Irish (UK) general election, 1841

In 1837, the Irish Repeal Association had made the decision to align with the Whig Party when running candidates for election. By the time of the next election in 1841, this policy was reversed. This election saw the Association suffering huge losses. Already hindered by a sharp decrease in funds, Daniel O'Connell's party returned just 18 MPs, compared to the Whigs' 47 and the Conservatives' 40. O'Connell himself lost his Dublin City seat to a Conservative candidate.

The Conservatives themselves maintained their large support bases in Ulster, Sligo and Carlow, with the rest o Ireland divided between the Whigs and the Repealers.

Seats won by the parties, 1841. Click to enlarge.
While the Conservatives came second in Ireland, they emerged as the largest party in the UK as a whole and Sir Robert Peel became the new Prime Minister. The Tories' celebrations would be short, however. Disagreements within the party, both in Britain and between the British and Irish Conservative MPs, would eventually see the party suffer a split in time for the next general election.

Against this political backdrop, Ireland was suffering from the beginning of what was to become known as the Great Famine. A potato blight, thought to be carried over from America, was infecting potato crops across the island, rendering the crops inedible and leaving the vast majority of Irish tenants and labourers without food. In response to the Famine, Peel moved to abolish the Corn Laws which protected Britain's corn exports, and directed the importation of £100,000 worth of Indian corn to Ireland. This action did help to reduce the impact of the famine to some extent, although the amount of corn was only enough to feed one million people on an island of over eight million. Peel also moved to set up public works schemes which would allow poor people to earn money by working on roads and piers.

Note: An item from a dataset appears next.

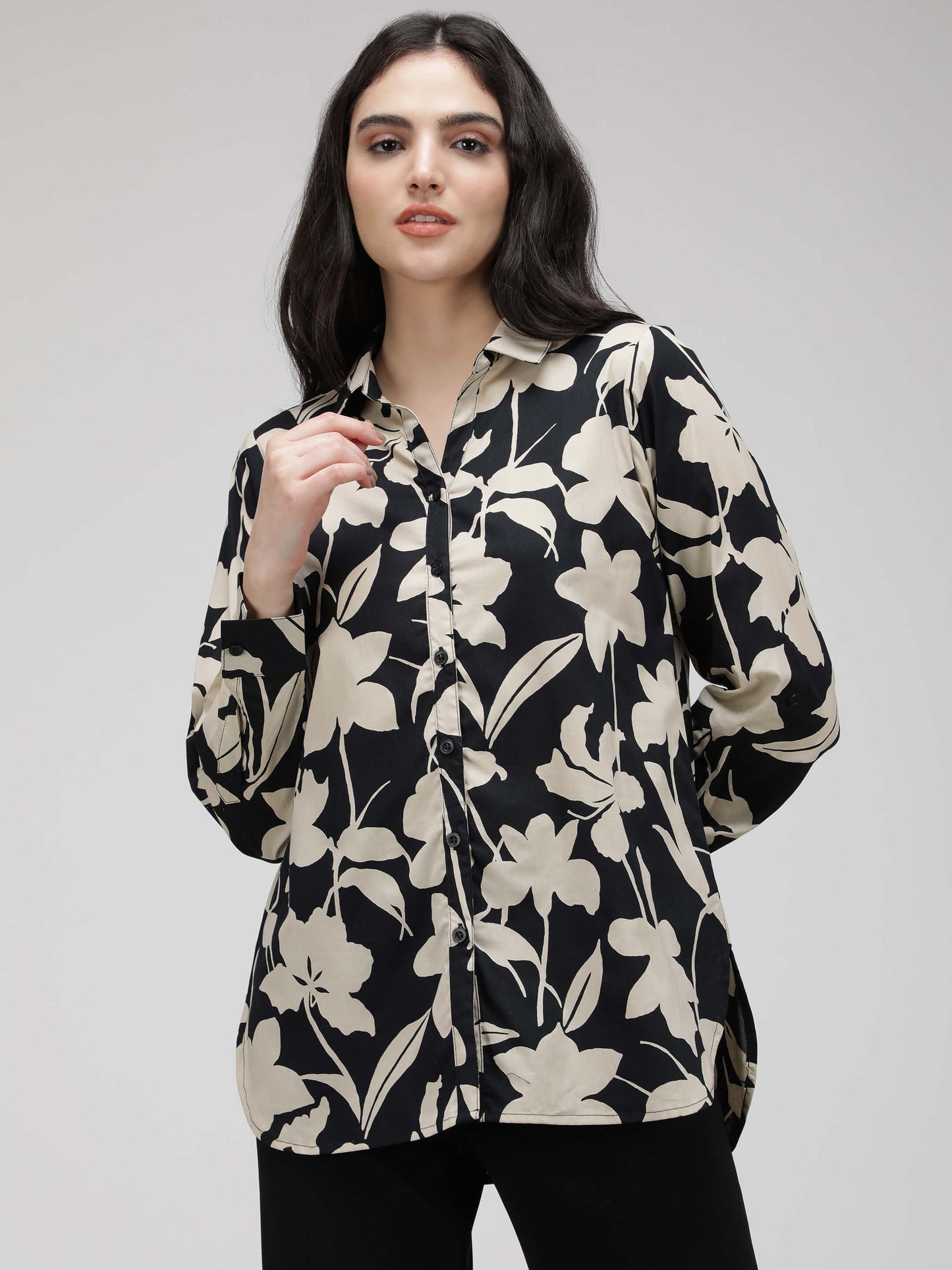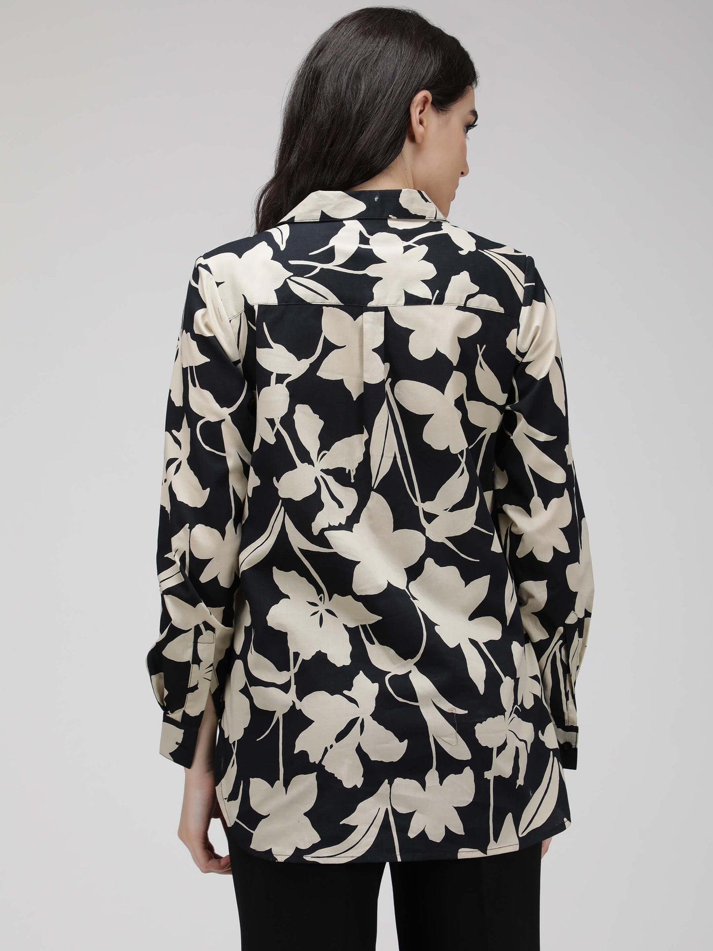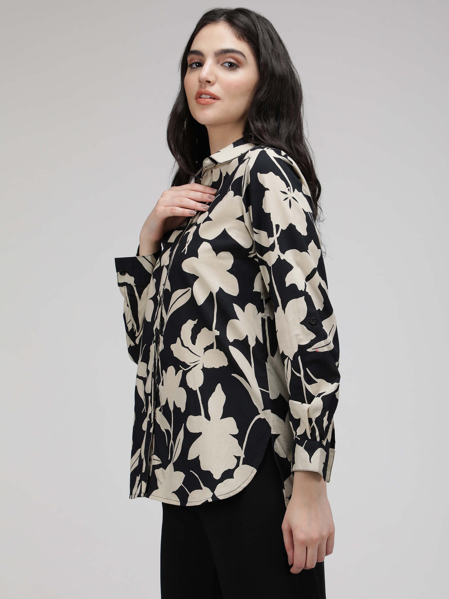 Regular price Rs. 720.00Crafted from classic cotton poplin, featuring a beautiful floral print in beige and black color. It has a regular fit for comfort, full sleeves and an uneven hem for a unique look. Perfect for any occasion.

Peel's policies were unpopular amongst many of his Westminster colleagues, even within the Conservative Party. Upon the defeat of a bill of his in the House of Commons in 1846, Peel resigned as Prime Minister and was replaced by Lord John Russell of the Whigs. A new general election would follow the next year, and the Conservatives would split as Peel would lead his own supporters against his old party.

In Ireland, the blight worsened and the Great Famine occurred from 1845 until the early 1850s. The Famine would have a tremendous psychological impact on the people of Ireland, with millions of people either dead or having emigrated to Britain and America. Although O'Connell's Repeal Association was soon to fail, new nationalist movements would replace it, and a new momentum would surround them, until the aspirations of the dominant Irish presence in Westminster had long abandoned the mere repeal of the Act of Union and instead turned towards the notion of an independent Irish republic.